Keep the images out and set the listing below down word for word.

Information:

• • • •

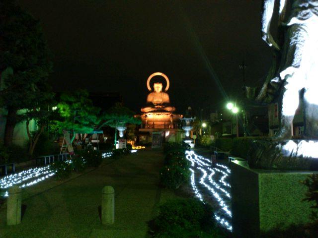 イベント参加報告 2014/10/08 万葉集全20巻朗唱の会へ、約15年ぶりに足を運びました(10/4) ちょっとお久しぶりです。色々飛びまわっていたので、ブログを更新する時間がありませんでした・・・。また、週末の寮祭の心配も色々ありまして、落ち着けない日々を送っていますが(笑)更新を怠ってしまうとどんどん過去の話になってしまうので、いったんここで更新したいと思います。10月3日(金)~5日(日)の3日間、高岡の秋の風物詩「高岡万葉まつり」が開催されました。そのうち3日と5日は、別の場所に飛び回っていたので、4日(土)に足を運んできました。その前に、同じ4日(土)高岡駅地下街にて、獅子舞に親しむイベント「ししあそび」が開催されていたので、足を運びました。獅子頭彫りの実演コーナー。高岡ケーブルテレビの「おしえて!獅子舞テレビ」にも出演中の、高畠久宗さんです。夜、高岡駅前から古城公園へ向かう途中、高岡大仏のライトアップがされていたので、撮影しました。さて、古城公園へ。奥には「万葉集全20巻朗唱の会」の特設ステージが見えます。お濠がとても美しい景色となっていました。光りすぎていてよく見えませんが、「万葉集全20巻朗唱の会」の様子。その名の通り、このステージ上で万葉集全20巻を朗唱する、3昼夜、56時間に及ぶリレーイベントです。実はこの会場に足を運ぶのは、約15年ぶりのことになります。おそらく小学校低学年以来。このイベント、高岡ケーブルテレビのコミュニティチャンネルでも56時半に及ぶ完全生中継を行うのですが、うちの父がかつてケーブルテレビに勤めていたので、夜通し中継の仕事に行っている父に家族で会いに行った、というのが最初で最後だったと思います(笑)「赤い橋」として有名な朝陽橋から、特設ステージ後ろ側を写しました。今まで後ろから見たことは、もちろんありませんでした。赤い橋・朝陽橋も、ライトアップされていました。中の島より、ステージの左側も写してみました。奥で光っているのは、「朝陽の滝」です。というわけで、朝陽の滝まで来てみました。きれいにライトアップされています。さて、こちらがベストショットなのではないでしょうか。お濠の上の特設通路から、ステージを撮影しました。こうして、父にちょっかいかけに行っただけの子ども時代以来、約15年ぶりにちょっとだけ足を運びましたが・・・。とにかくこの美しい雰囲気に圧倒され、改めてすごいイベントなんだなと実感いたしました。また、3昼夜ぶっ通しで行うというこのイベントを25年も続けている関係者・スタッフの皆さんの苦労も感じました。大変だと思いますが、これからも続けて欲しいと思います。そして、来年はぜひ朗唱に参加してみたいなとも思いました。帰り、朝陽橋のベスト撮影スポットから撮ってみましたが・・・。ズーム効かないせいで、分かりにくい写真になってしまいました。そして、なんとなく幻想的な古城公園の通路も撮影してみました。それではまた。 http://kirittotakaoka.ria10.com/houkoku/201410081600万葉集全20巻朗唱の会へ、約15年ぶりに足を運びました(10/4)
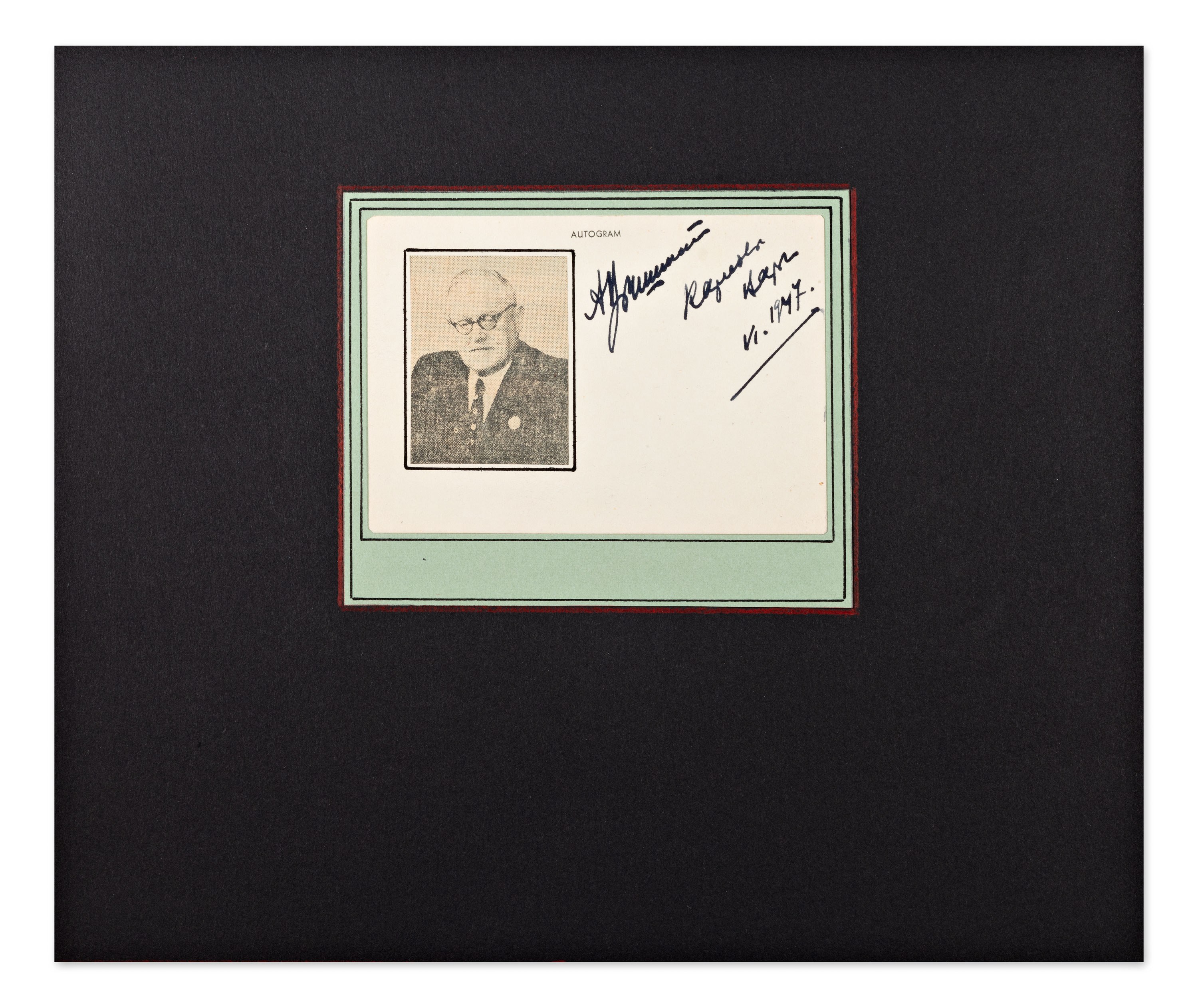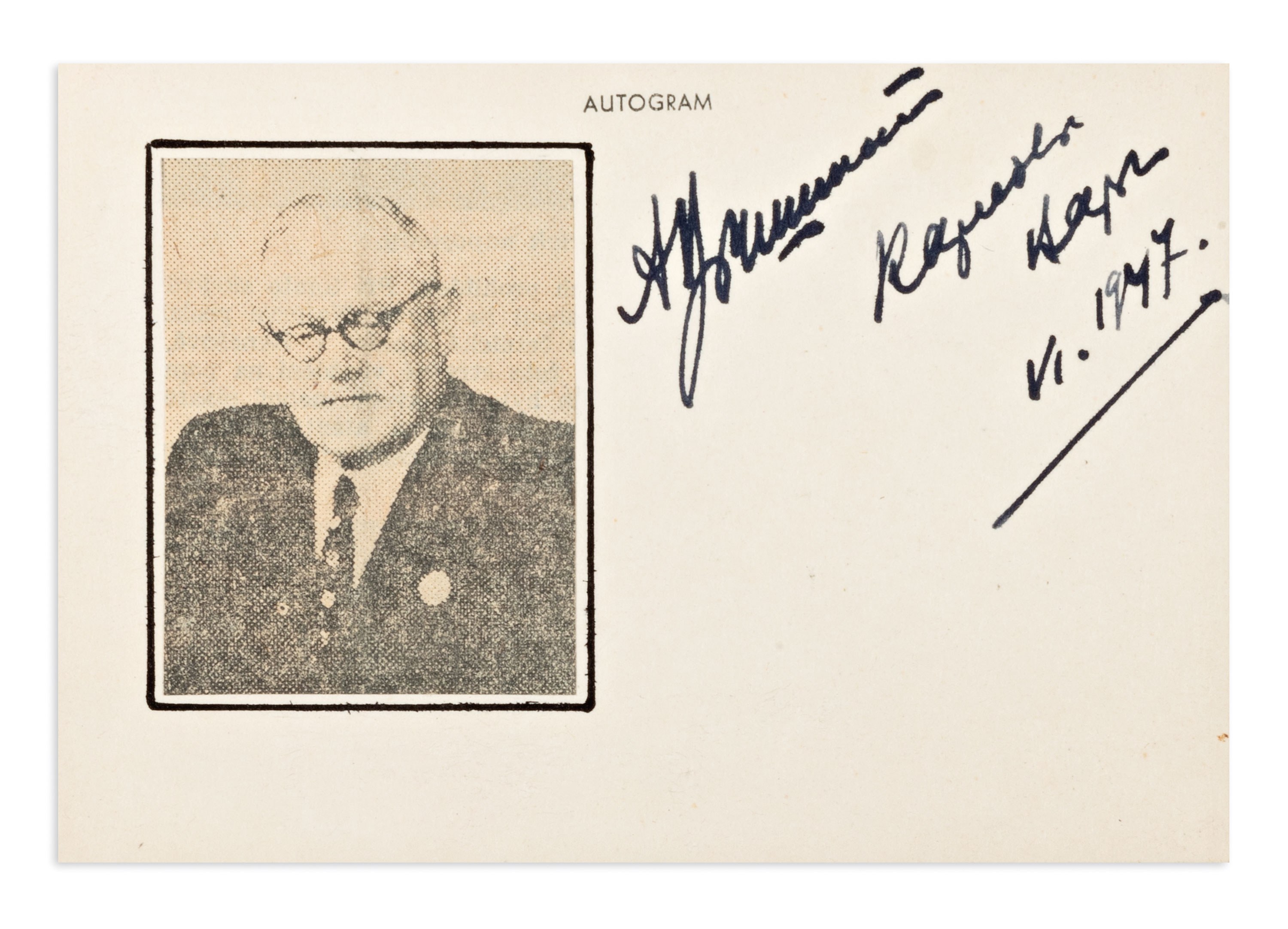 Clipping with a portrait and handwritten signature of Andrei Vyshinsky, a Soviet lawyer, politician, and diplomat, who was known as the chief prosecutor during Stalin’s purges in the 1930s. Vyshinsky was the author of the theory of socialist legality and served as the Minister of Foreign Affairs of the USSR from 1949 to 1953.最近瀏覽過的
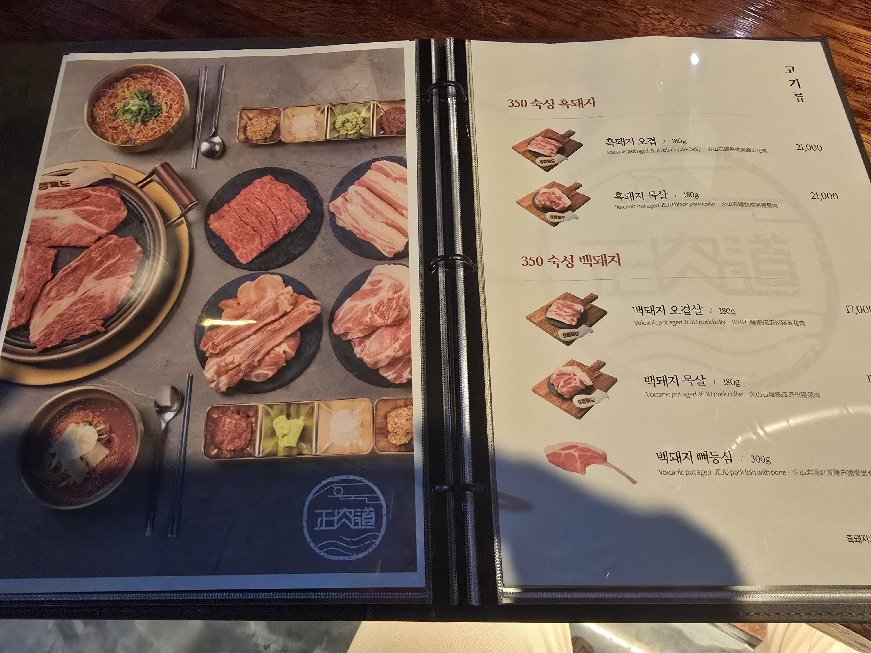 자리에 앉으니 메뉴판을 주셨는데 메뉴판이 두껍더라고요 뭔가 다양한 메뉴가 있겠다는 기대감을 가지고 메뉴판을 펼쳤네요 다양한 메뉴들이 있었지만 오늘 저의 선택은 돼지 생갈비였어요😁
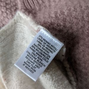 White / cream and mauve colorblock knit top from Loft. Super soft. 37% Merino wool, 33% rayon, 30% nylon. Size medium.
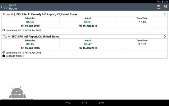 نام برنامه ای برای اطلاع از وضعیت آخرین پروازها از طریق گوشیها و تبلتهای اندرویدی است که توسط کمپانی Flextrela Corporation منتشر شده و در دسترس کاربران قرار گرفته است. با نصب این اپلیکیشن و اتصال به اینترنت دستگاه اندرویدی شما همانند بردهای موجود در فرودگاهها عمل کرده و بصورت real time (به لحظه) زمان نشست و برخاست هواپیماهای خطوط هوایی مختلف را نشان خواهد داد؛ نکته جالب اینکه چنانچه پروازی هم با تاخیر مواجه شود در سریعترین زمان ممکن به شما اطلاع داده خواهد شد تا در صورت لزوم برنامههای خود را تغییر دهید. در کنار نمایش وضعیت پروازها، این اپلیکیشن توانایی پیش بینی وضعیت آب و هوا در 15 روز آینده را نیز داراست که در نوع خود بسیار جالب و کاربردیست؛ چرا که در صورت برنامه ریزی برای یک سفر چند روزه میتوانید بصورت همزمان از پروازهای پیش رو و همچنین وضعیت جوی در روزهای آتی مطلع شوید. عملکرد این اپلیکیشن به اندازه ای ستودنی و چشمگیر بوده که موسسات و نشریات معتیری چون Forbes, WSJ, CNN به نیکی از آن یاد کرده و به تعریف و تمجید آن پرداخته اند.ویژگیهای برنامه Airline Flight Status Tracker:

• • • •

Response to this task:
 イベント参加報告 2014/10/08 万葉集全20巻朗唱の会へ、約15年ぶりに足を運びました(10/4) ちょっとお久しぶりです。色々飛びまわっていたので、ブログを更新する時間がありませんでした・・・。また、週末の寮祭の心配も色々ありまして、落ち着けない日々を送っていますが(笑)更新を怠ってしまうとどんどん過去の話になってしまうので、いったんここで更新したいと思います。10月3日(金)~5日(日)の3日間、高岡の秋の風物詩「高岡万葉まつり」が開催されました。そのうち3日と5日は、別の場所に飛び回っていたので、4日(土)に足を運んできました。その前に、同じ4日(土)高岡駅地下街にて、獅子舞に親しむイベント「ししあそび」が開催されていたので、足を運びました。獅子頭彫りの実演コーナー。高岡ケーブルテレビの「おしえて!獅子舞テレビ」にも出演中の、高畠久宗さんです。夜、高岡駅前から古城公園へ向かう途中、高岡大仏のライトアップがされていたので、撮影しました。さて、古城公園へ。奥には「万葉集全20巻朗唱の会」の特設ステージが見えます。お濠がとても美しい景色となっていました。光りすぎていてよく見えませんが、「万葉集全20巻朗唱の会」の様子。その名の通り、このステージ上で万葉集全20巻を朗唱する、3昼夜、56時間に及ぶリレーイベントです。実はこの会場に足を運ぶのは、約15年ぶりのことになります。おそらく小学校低学年以来。このイベント、高岡ケーブルテレビのコミュニティチャンネルでも56時半に及ぶ完全生中継を行うのですが、うちの父がかつてケーブルテレビに勤めていたので、夜通し中継の仕事に行っている父に家族で会いに行った、というのが最初で最後だったと思います(笑)「赤い橋」として有名な朝陽橋から、特設ステージ後ろ側を写しました。今まで後ろから見たことは、もちろんありませんでした。赤い橋・朝陽橋も、ライトアップされていました。中の島より、ステージの左側も写してみました。奥で光っているのは、「朝陽の滝」です。というわけで、朝陽の滝まで来てみました。きれいにライトアップされています。さて、こちらがベストショットなのではないでしょうか。お濠の上の特設通路から、ステージを撮影しました。こうして、父にちょっかいかけに行っただけの子ども時代以来、約15年ぶりにちょっとだけ足を運びましたが・・・。とにかくこの美しい雰囲気に圧倒され、改めてすごいイベントなんだなと実感いたしました。また、3昼夜ぶっ通しで行うというこのイベントを25年も続けている関係者・スタッフの皆さんの苦労も感じました。大変だと思いますが、これからも続けて欲しいと思います。そして、来年はぜひ朗唱に参加してみたいなとも思いました。帰り、朝陽橋のベスト撮影スポットから撮ってみましたが・・・。ズーム効かないせいで、分かりにくい写真になってしまいました。そして、なんとなく幻想的な古城公園の通路も撮影してみました。それではまた。 http://kirittotakaoka.ria10.com/houkoku/201410081600万葉集全20巻朗唱の会へ、約15年ぶりに足を運びました(10/4)
 Clipping with a portrait and handwritten signature of Andrei Vyshinsky, a Soviet lawyer, politician, and diplomat, who was known as the chief prosecutor during Stalin’s purges in the 1930s. Vyshinsky was the author of the theory of socialist legality and served as the Minister of Foreign Affairs of the USSR from 1949 to 1953.最近瀏覽過的
 자리에 앉으니 메뉴판을 주셨는데 메뉴판이 두껍더라고요 뭔가 다양한 메뉴가 있겠다는 기대감을 가지고 메뉴판을 펼쳤네요 다양한 메뉴들이 있었지만 오늘 저의 선택은 돼지 생갈비였어요😁
 White / cream and mauve colorblock knit top from Loft. Super soft. 37% Merino wool, 33% rayon, 30% nylon. Size medium.
 نام برنامه ای برای اطلاع از وضعیت آخرین پروازها از طریق گوشیها و تبلتهای اندرویدی است که توسط کمپانی Flextrela Corporation منتشر شده و در دسترس کاربران قرار گرفته است. با نصب این اپلیکیشن و اتصال به اینترنت دستگاه اندرویدی شما همانند بردهای موجود در فرودگاهها عمل کرده و بصورت real time (به لحظه) زمان نشست و برخاست هواپیماهای خطوط هوایی مختلف را نشان خواهد داد؛ نکته جالب اینکه چنانچه پروازی هم با تاخیر مواجه شود در سریعترین زمان ممکن به شما اطلاع داده خواهد شد تا در صورت لزوم برنامههای خود را تغییر دهید. در کنار نمایش وضعیت پروازها، این اپلیکیشن توانایی پیش بینی وضعیت آب و هوا در 15 روز آینده را نیز داراست که در نوع خود بسیار جالب و کاربردیست؛ چرا که در صورت برنامه ریزی برای یک سفر چند روزه میتوانید بصورت همزمان از پروازهای پیش رو و همچنین وضعیت جوی در روزهای آتی مطلع شوید. عملکرد این اپلیکیشن به اندازه ای ستودنی و چشمگیر بوده که موسسات و نشریات معتیری چون Forbes, WSJ, CNN به نیکی از آن یاد کرده و به تعریف و تمجید آن پرداخته اند.ویژگیهای برنامه Airline Flight Status Tracker:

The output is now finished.